Bob Lutz, GM's vice chairman for product development, canceled development of the premium rear-wheel models for North America, according to two people familiar with the situation. 

It was Lutz who first championed the new rear-wheel drive platform. The renowned car expert announced the Zeta program in 2003 as the industry was turning its attention toward rear-wheel drive vehicles. 

But he pulled the plug on the North America models after determining the vehicles could not be engineered and assembled to sell at prices competitive with the popular Chrysler 300C, Ford Mustang and other models, without sacrificing quality and content. 

In addition, GM is anxious to free up resources to speed up the launch of its new line of full-size pickup trucks. They are not expected to arrive until 2006. 

Many in the industry expected the Zeta architecture would mean the return of the Chevrolet Camaro and production versions of the Buick Velite concept car, which debuted at the 2004 New York auto show to rave reviews. 

"This is scary. It puts GM behind the eight ball," said Joseph Phillippi of AutoTrends Consulting in Short Hills, N.J. "It makes you wonder why can't they get it right. Where does it seemingly go wrong?" 

The retreat from Zeta could delay the introduction of GM's new rear-wheel drive passenger cars by at least a year, Phillippi said. 

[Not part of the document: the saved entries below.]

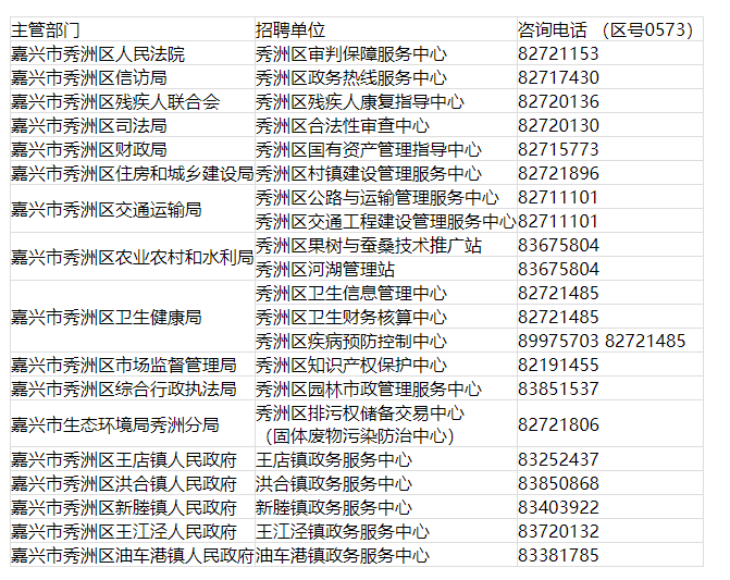 (九)本次公開(kāi)招聘是秀洲區(qū)人力社保局受區(qū)級(jí)機(jī)關(guān)部門(mén)(單位)委托集中組織。對(duì)事業(yè)單位信息、報(bào)考崗位、學(xué)歷學(xué)位、所需專業(yè)要求以及其他要求等需要咨詢時(shí),請(qǐng)應(yīng)聘人員直接與招聘單位聯(lián)系,招聘單位的咨詢電話已在招聘公告和《計(jì)劃及崗位要求表》上列出。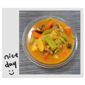 接下来 准备配菜。自己可以随便准备啊。我切了土豆。胡萝卜。豆角。西红柿。青椒。还有些 鲜蘑(我个人觉得 鲜蘑很好吃)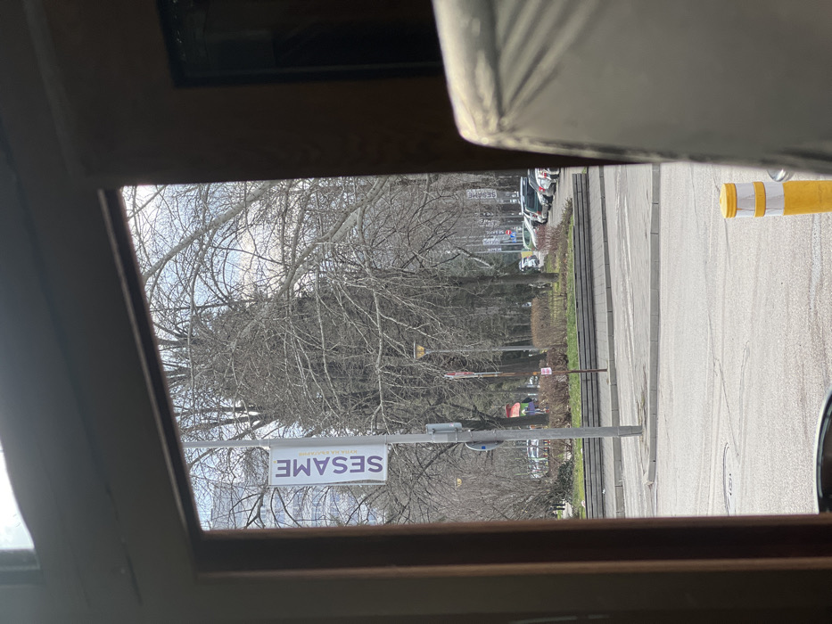 The image displays an outdoor urban scene in Pernik, Bulgaria, viewed through a brown rectangular window frame. The visible environment is consistent with the area near ul. "Krakra" 1, adjacent to a "Sesame" bookstore and a public park or green space. In the immediate foreground, parts of a dark brown or wooden window frame are present on the left and top edges. A light-colored, possibly reflective object is partially visible on the bottom right, and the top of a yellow and white striped bollard is seen at the bottom-center/right. Beyond the window, an outdoor street or intersection features a paved surface and concrete sidewalks. A tall metal light pole stands prominently on the left, bearing a white vertical banner. The banner displays "SESAME" in purple capital letters, with "КНИЖАРНИЦА" and "BOOKSTORE" in smaller blue text below. The midground transitions into a landscaped park area or green median, characterized by numerous bare deciduous trees and bushes, indicating a winter or early spring season. A traditional street lamp with an amber-colored fixture is visible on the right within the park's edge. Further back, a row of parked cars is visible along a street, partially obscured by the trees. Several indistinct human figures are walking in the distant park area. In the background, a tall, multi-story modern building with a glass facade is discernible through the bare tree branches on the left. The sky above is partially cloudy, displaying light blue and white tones.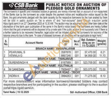 CSB Bank Gold Auctions Auction in Thanjavur

That's bad news for the automaker, which has seen only lukewarm early sales for several of its newly launched products, such as the Pontiac G6, Chevrolet Cobalt and Buick LaCrosse. The new Chevrolet Equinox, a small SUV, has been a strong seller. 

Global Insight market analyst John Wolkonowicz said GM's decision to stop the development of Zeta-based vehicles for North America means a missed opportunity to compete. 

"The Chrysler 300C is a watershed car like the 1986 Ford Taurus," said Wolkonowicz. "With Zeta, GM had an answer." 

For sure, GM has not given up on rear-wheel drive vehicles. Two roadsters, the Pontiac Solstice and Saturn Sky, will be rear-wheel drive entries. Other rear-wheel drive GM cars include the Cadillac CTS and STS sedans, the Chevrolet Corvette and the Pontiac GTO. 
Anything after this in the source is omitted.